If $f(x)=T\,f(q)$ , where $T$ is a vertical scaling parameter and since $dq=dx/g$ ,

$\int _{-\infty }^{\infty }f(x)\,dx=Tg\int _{-\infty }^{\infty }f(q)\,dq=Tg$ implies that Tg is the number of events collected times the bin width (in Vs).

Now, with this powerful instrument at hand used with a fitter in Paw, the histograms collected as function of T and V_b were analyzed. It turned out that even histograms with nearly indistinguishable peaks yielded a reasonable fit to this model.

Results for SSPM06

Below is the analyzed data on dark rate, gain and photon detection efficiency (PDE) as function of T and V_b. An attempt was also made at mapping the rate of secondaries (multi-Poisson parameter) as a function of these variables but the small trends perceived in the data were within the parameter's error bars.


Dark rate plotted as a function of bias voltage at extreme and room temperatures and as a function of temperature at different bias voltages. Note the disappearance of temperature dependence at low bias voltage.


SiPM gain plotted as a function of bias voltage at extreme and room temperatures and as a function of temperature at different bias voltages.


Photon detection efficiency as a function of bias voltage at extreme and room temperatures and as a function of temperature at different bias voltages.

Results for Hamamatsu 400 pixel MPPC

Data were collected with the 1mm x 1mm Hamamatsu MPPC using a similar procedure as was used for the Photonique SiPM studies reported above. The integration window was 250 ns wide, and contained all of the positive side of the signal and about 15% of the negative undershoot tail from the differential-coupled output. The data below were taken with a pulse amplitude giving approximately 1pe per pulse, and with the pulser covered to measure the dark rate (last figure). Each run contains about 15000 samples.



Pulse height (V-s) spectrum at fixed pulser intensity and temperature 25°C, and increasing bias voltage V_b = 69.5V (upper left), 70.0V (upper right), 70.2V (lower left), and 71.0V (lower right).

Pulse height (V-s) spectrum with zero pulser intensity and temperature 25°C, and bias voltage V_b = 70.0V.

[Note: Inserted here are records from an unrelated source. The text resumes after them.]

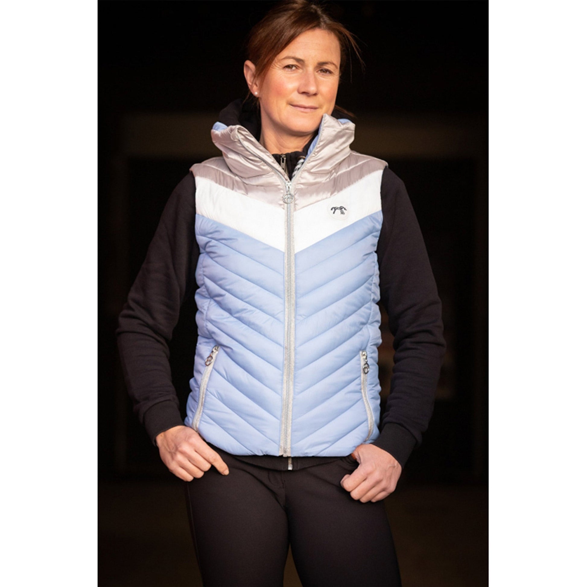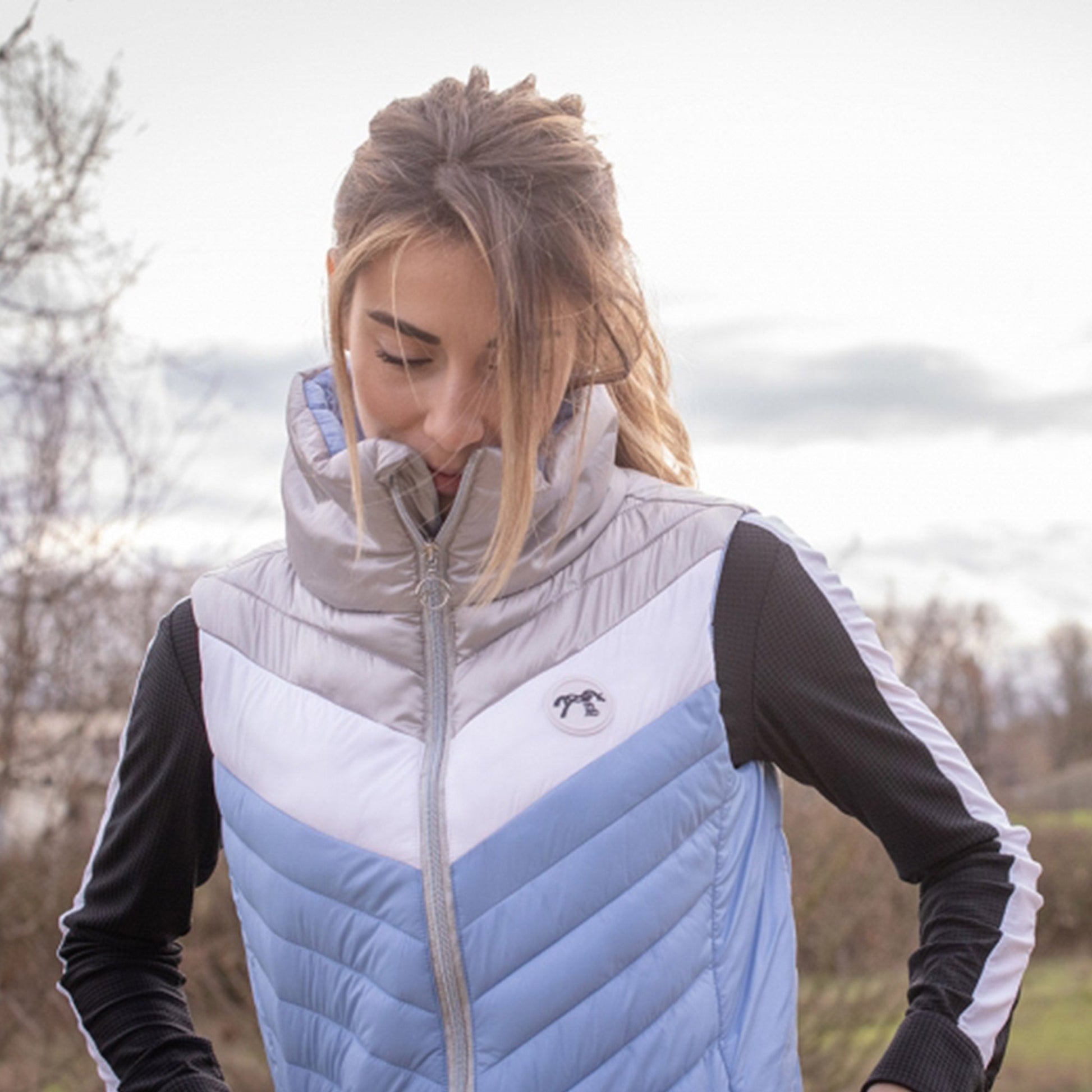 Penelope Collection Camelia Vest - A lightweight and comfortable vest with chic French design for lady equestrians. The color block look is perfect this spring summer vest. Super light to wear, but still warm, Camélia is your perfect ally for the stables, or the city. It comes in Silver/ White/Artic Blue or Navy/White/Pink, for a perfect look. Super comfortable to wear, it comes with a high neck, and two pockets.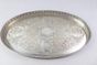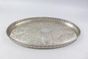 VINERS OF SHEFFIELD, ANGLETERRE, XXe siècle : plateau ovale de service en métal argenté, le fond ciselé de rinceaux feuillagés, coquille et croisillons, la galerie ajourée à guirlande de fruits et godrons tors. Signé. Légères rayures et légères déformations sur un bord de galerie. Bel état général. L. 46 cm. H. 3 cm.
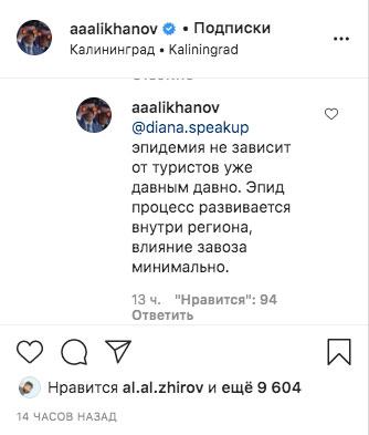 В комментариях к посту некоторые подписчики спрашивали губернатора о целесообразности ограничения туристического потока в область (такая мера властями не предлагалась). В ответ на это Алиханов написал, что эпидситуация внутри региона уже давно не зависит от завозных случаев коронавирусной инфекции.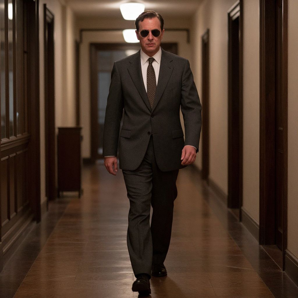 Photograph of a man walking down a dimly lit, narrow hallway with polished wooden floors and dark wooden wainscoting. He wears a black suit with a white dress shirt and a dark tie, and has short dark hair and sunglasses. The hallway has cream-colored walls and is illuminated by a single bright overhead light at the end. The man's expression is serious, and he walks confidently towards the camera. The overall atmosphere is formal and slightly mysterious.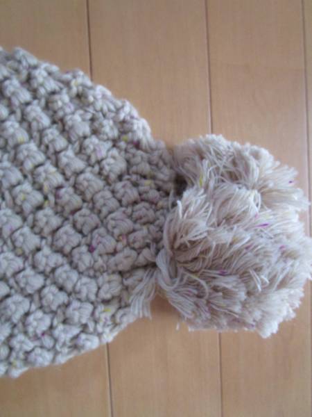 ぽこぽこした編み地と大きめのボンボンがかわいいです。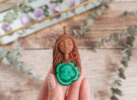 Vsaka Čarobnica je poimenovana po boginjah iz različnih obdobij, kultur in tradicij z vseh koncev sveta. Med izdelavo za vsako Čarobnico posebej povlečem orakelsko karto, ki nosi posebno sporočilo. Z vsako Čarobnico dobite torej še sporočilo, ki ga odkrijete šele, ko odprete paketek.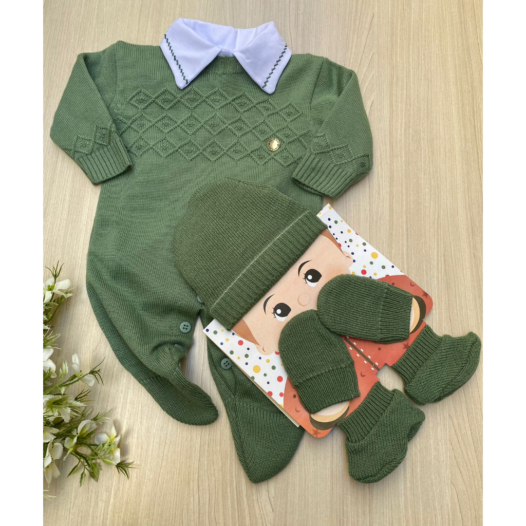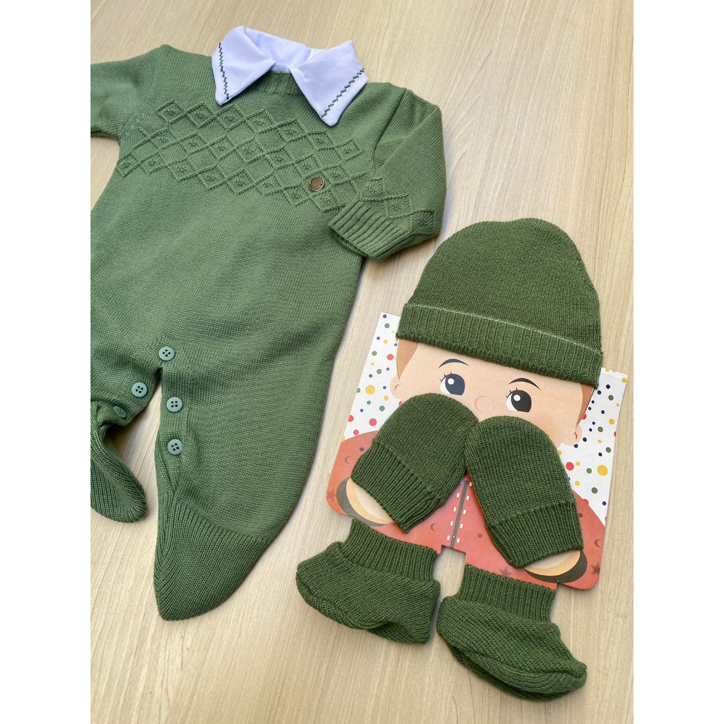 Saida de Maternidade Menino Verde Pistache Charles Tricot 5 Peças

The black histograms in the plots are the data and the red curves are the best fit to the data using the multi-Poisson model described in a preceeding section, with two modifications.

The Gaussian smearing of the individual pixel pulse-height distribution was replaced with the following function that has an asymmetric tail.

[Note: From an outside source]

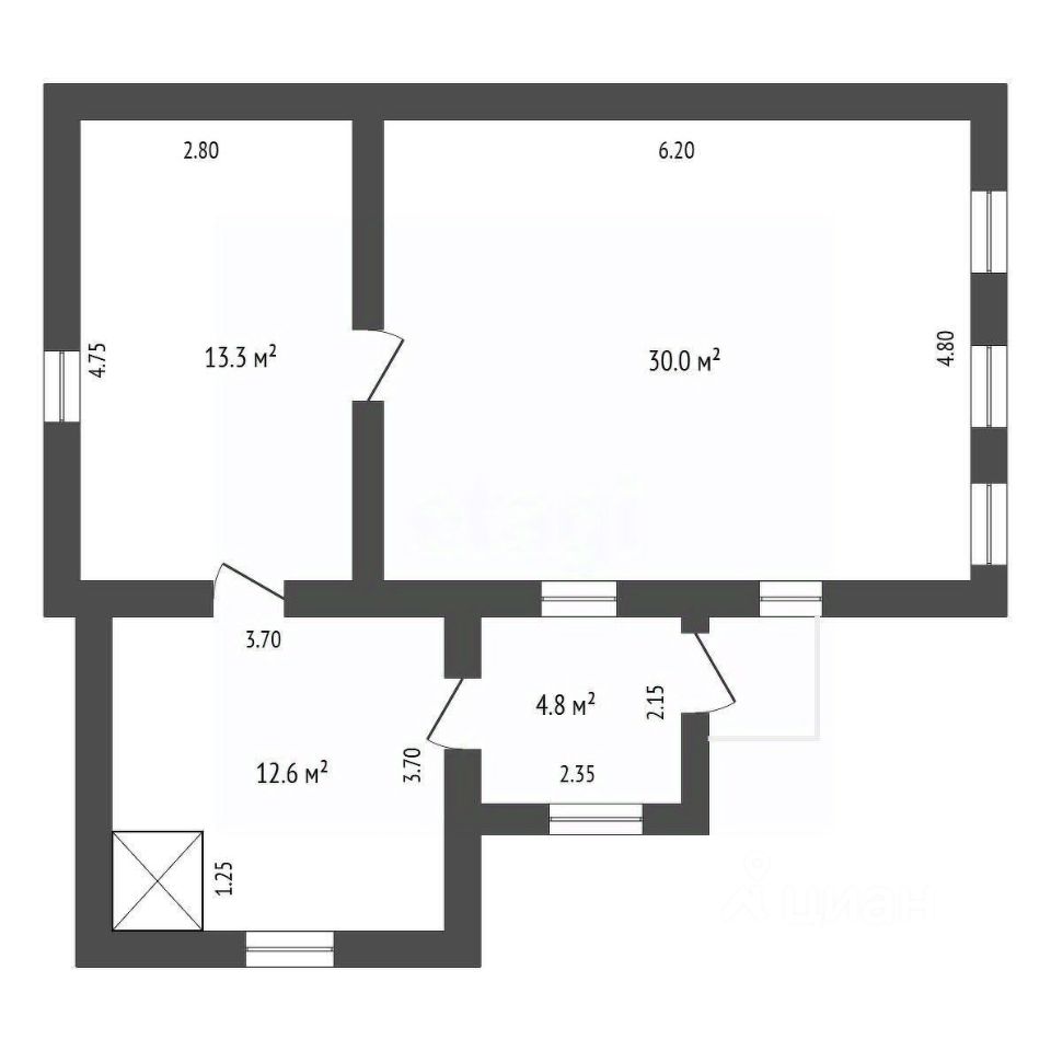 Продается кирпичный дом площадью 64 кв. м на собственном участке.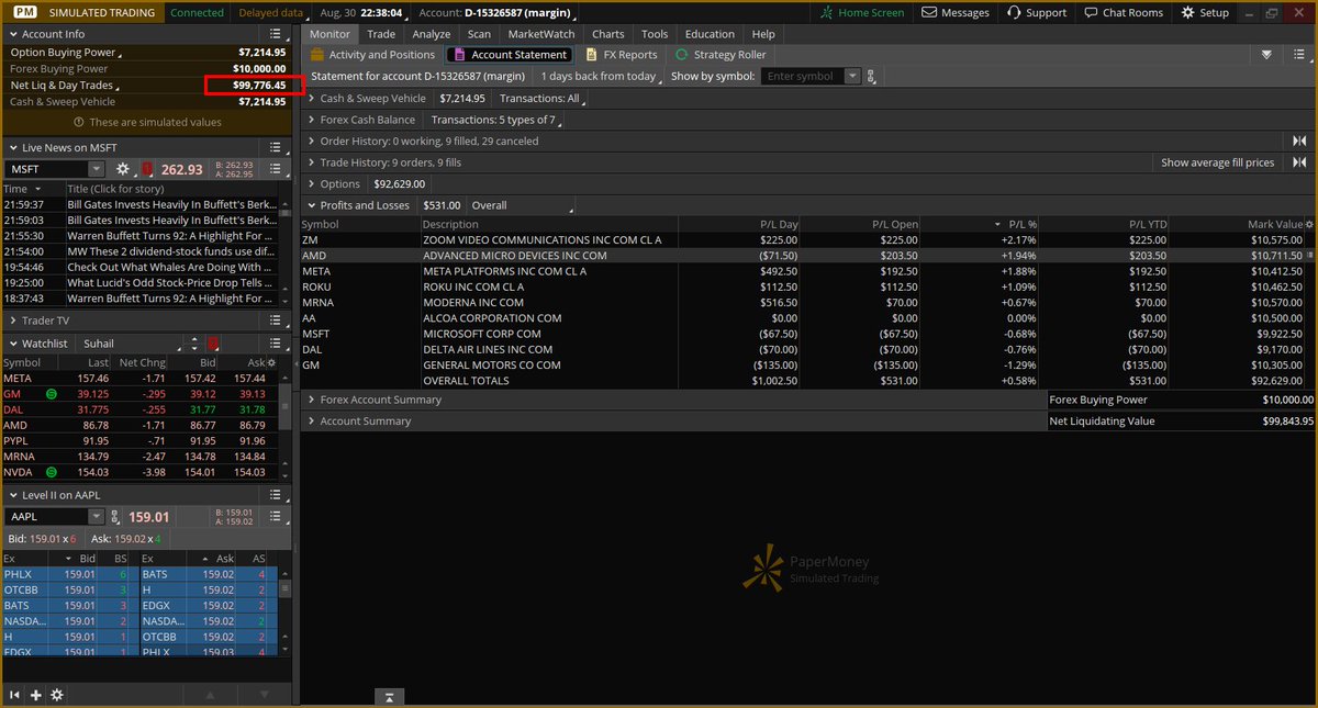 وهذا لايعنى انه لاتوجد صفقات خاسرة، فالمحفظة توضح ان شركتى AMD و PYPL حققت خسائر تراكمية، بمعنى نتيجة عدة صفقات ادت الى هذه الخسارة، بقية الشركات كان عندها خسائر لبعض الصفقات، لكن تراكمية الارباح غطت على الخسائر ان وجدت، كذلك يمكن ان تقبل انت بالخسارة نظرا لخروجك من شركة والتحول

${\frac {}{}}f(x;\alpha ,\beta ,\sigma )$	=	$(1-\beta ){\frac {\alpha }{2}}\,e^{\alpha x+{\frac {\alpha ^{2}\sigma ^{2}}{2}}}\left[1-Erf({\frac {x+\alpha \sigma ^{2}}{{\sqrt {2}}\sigma }})\right]$
		$+{\frac {\beta }{{\sqrt {2\pi }}\sigma }}\,e^{-{\frac {x^{2}}{2\sigma ^{2}}}}$

This function is normalized to unity and is described by parameters:

$\alpha$ = inverse length of left-side tail
$\beta$ = fraction of peak integral in left-side tail
$\sigma$ = sigma of Gaussian right-side tail = $(\sigma _{0}^{2}+(p+s)\sigma _{1}^{2})^{1/2}$

The mean cross-talk parameter, formerly pμ in the treatment described above, has been replaced with p²μ.

Without the second change above, the fit to the data is significantly worse. It might be explained by the tendency of cross-talk to bunch up because of self-coupling feedback. A simpler explanation might be that it takes into account a natural variation in the light output of the pulser from pulse to pulse. This remains to be investigated. The parameters of the fit function listed in the above plots are listed below.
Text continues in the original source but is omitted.